Не «Рахиль, ты мне дана», которая казалась мне ничтожеством, а могущество человеческого воображения, обман чувств, из которого проистекали муки любви, находил я значительными. Робер видел, что я взволнован. Я отвел глаза на груши и вишни ближайшего сада, чтобы он подумал, будто их красота причина моей растроганности. Она действительно наполняла меня волнением почти того же порядка, являя мне вещи, которые видишь не только глазами, но ощущаешь в своем сердце. Принимая эти деревца в саду за неведомых богов, разве не впадал я в обман, подобный обману Магдалины, когда в день, годовщина которого вскоре наступала, она увидела человеческую форму и «подумала, что это садовник»? Хранители воспоминаний о золотом веке, порука, что действительность не есть то, чем она кажется, что поэзия и невинность могут засверкать в ней пышным блеском и быть воздаянием, которое мы постараемся заслужить, — большие белые создания, дивно склоненные над тенью, благоприятной для отдыха, для рыбной ловли, для чтения, разве не были скорее ангелами?

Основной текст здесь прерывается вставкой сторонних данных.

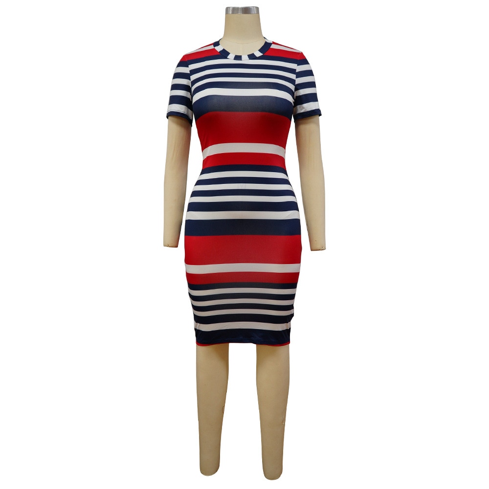 Sexy Women Pack Hip Pencil Dress Bodycon Summer Robe Female Striped Fashion Streetwear Women Elegant Dress

Я обменялся несколькими словами с любовницей Сен-Лу. Мы пошли через деревню. Дома в ней были гнусные. Но возле самых жалких, возле тех, что казались сожженными серным дождем, виден был таинственный путник, остановившийся на один день в проклятом городе, блистающий ангел, широко простерший над ним пышные свои крылья невинности: груша в цвету. Сен-Лу увел меня на несколько шагов вперед:
— Я рад бы был побыть с тобой вместе, я бы даже предпочел позавтракать наедине с тобой и наедине поболтать, пока не наступит время идти с визитом к моей тетке. Но это доставит столько удовольствия моей пташечке, и она, знаешь, так мила со мной, что я не мог ей отказать. Впрочем, она тебе понравится, это женщина литературная, откликающаяся, и с ней так приятно позавтракать в ресторане, она такая милая, такая простая, всегда всем довольна.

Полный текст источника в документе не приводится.